EPILOGUE

ON A BLOOMING EVENING IN SPRING, AVERY TWISTED HER gumball-machine ring while Clare and Hope fastened her wedding gown.

“I’m not nervous.”

“Of course not,” Hope said.

“Okay, a little, but just because I want to look really good.”

“Believe me, you do. Turn around and look,” Clare ordered.

In the bedroom of The Penthouse, Avery turned toward the big mirror. “Oh, I do. I really do look good.”

“Gorgeous is what you look,” Hope corrected. “Avery, you’re gorgeous. The dress is stunning. I shouldn’t have doubted your online acumen.”

“It just right.” Delighted with herself, Avery turned a circle so the sparkling skirt flowed with her. “It’s me.”

“You’re glowing like a candle.” Clare touched Avery’s bright hair. “A flame.”

“Champagne! Quick! Before I tear up and ruin the makeup Hope worked so hard on.”

“For the bride, and the attendants.” Hope poured. “And even for the nursing mother.”

“The twins can handle it. Luke and Logan are tough.”

“Look at us. The wife, the bride, and the bride-to-be.” Avery lifted a glass, toasted them all. “Your turn in September,” she said to Hope.

“It can’t come soon enough. Which is crazy to say since I have so much left to do. But today’s yours, and I can promise you everything is exactly and wonderfully perfect.”

“It couldn’t be otherwise. I’m marrying my boyfriend, with my two best friends beside me, my dad, the woman who’s been my mom since I was a kid, my brothers. And I’m doing it in the most beautiful place I know.”

“I’m going to text the photographer, have him come up. We’re on a schedule,” Hope reminded her.

She checked everything. The flowers, the food, the table displays. Candles, linens. Stopped long enough to help Beckett pass the chubby-cheeked twins and their three brothers to Clare’s mother and Carolee. To adjust Ryder’s tie, as an excuse to nuzzle his neck.

“Why don’t we just do it now?” he asked her. “We’re all dressed up, got a preacher coming.”

“September.” She lingered over a kiss. “It’ll be worth the wait.”

Exactly on time, she rounded up Willy B.

“Thank God.” Justine patted his cheek. “He’s nervous as a bride himself.”

“It’s my girl.”

“I know it, honey.

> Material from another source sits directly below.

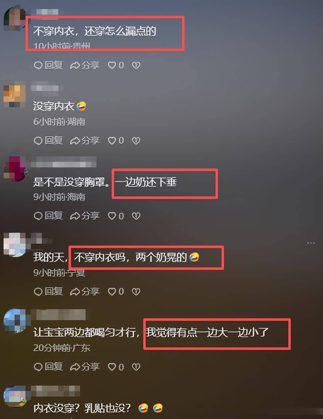 于是,评论区满是“穿个内衣吧、有哺乳内衣、或者贴个胸贴”之类的建议。

You go on and get her now.”

Hope waited, fetched tissues when Willy B’s eyes welled up, and gave Avery’s makeup a final touch-up.

“What’re you mumbling about?” she asked Clare.

“I’m praying. That I don’t hear the babies cry, because if I do my milk might start up.”

“Oh my God. I should’ve thought of earplugs.” But laughing, she grabbed Clare’s hand to hurry to the door.

Avery wanted an entrance, so they’d descend the stairs to The Courtyard where the guests sat, and Owen waited with his brothers.

All so handsome, she thought. All so right. In a few months she’d walk down these same steps to Ryder.

She glanced across the lot, over the white tent where Fit In Boons-Boro stood prettily in its soft blue coat, its silver trim.

She was happy to have it there, and a little sorry not to have Ryder right in back of the inn every day.

She wondered what Justine would think of next, and was grateful she’d be able to watch it evolve.

Then she squeezed Clare’s hand. “Look.”

On the porch facing the flower-decked arbor, Lizzy stood with her Billy.

“They’re still here,” Clare said quietly. “It always surprises me.”

“They’re happy here. For now anyway. It’s their home.”

And hers, she thought. Her town, her place, her home. In it she’d build a life with the man she loved.

She glanced back, blew a kiss to the bride, then walked down the steps toward the promise.